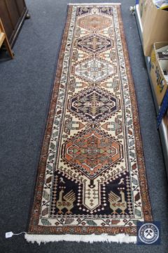 A Persian design runner on blue ground, 293 cm x 77 cm
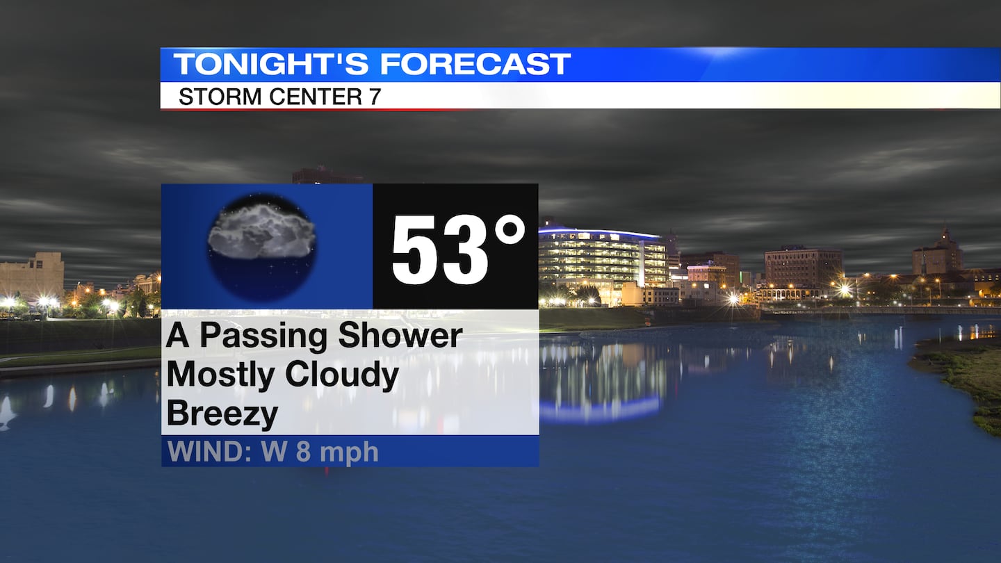 TONIGHT: Clouds thicken ahead of an approaching cold front, according to Storm Center Chief Meteorologist Austin Chaney. This front may bring us a few light rain showers after sunset tonight. Breezy. Some gusts to 25+MPH through sunset, gradually decreasing throughout the night. Temperatures fall from the upper 60s and lower 70s this evening to the lower 50s overnight.
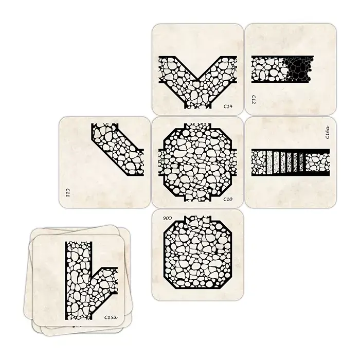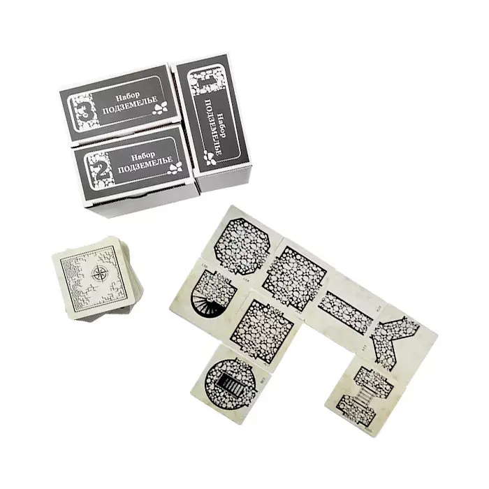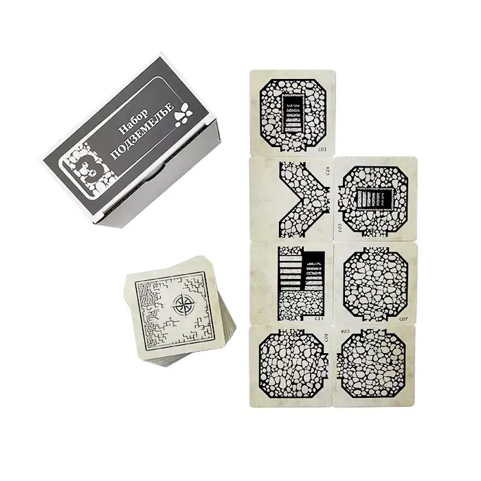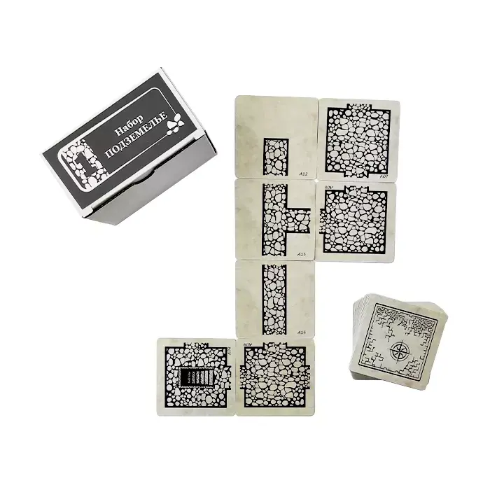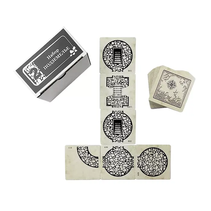 Колода имеет условный масштаб, поэтому вы можете разложить как гигантское подземелье, так и небольшое. Карты ламинированные, что позволяет ставить отметки (о ловушках, сокровищах, оставшихся телах, открытых и закрытых дверях, люках и т.д.) маркером на водной основе, а затем стирать их.
++++++++++
YOUR INSTRUCTIONS ▸
Omit every picture, then repeat the remaining data exactly as it appears above.

WRITTEN ANSWER ▸
 A Persian design runner on blue ground, 293 cm x 77 cm
 TONIGHT: Clouds thicken ahead of an approaching cold front, according to Storm Center Chief Meteorologist Austin Chaney. This front may bring us a few light rain showers after sunset tonight. Breezy. Some gusts to 25+MPH through sunset, gradually decreasing throughout the night. Temperatures fall from the upper 60s and lower 70s this evening to the lower 50s overnight.
 Колода имеет условный масштаб, поэтому вы можете разложить как гигантское подземелье, так и небольшое. Карты ламинированные, что позволяет ставить отметки (о ловушках, сокровищах, оставшихся телах, открытых и закрытых дверях, люках и т.д.) маркером на водной основе, а затем стирать их.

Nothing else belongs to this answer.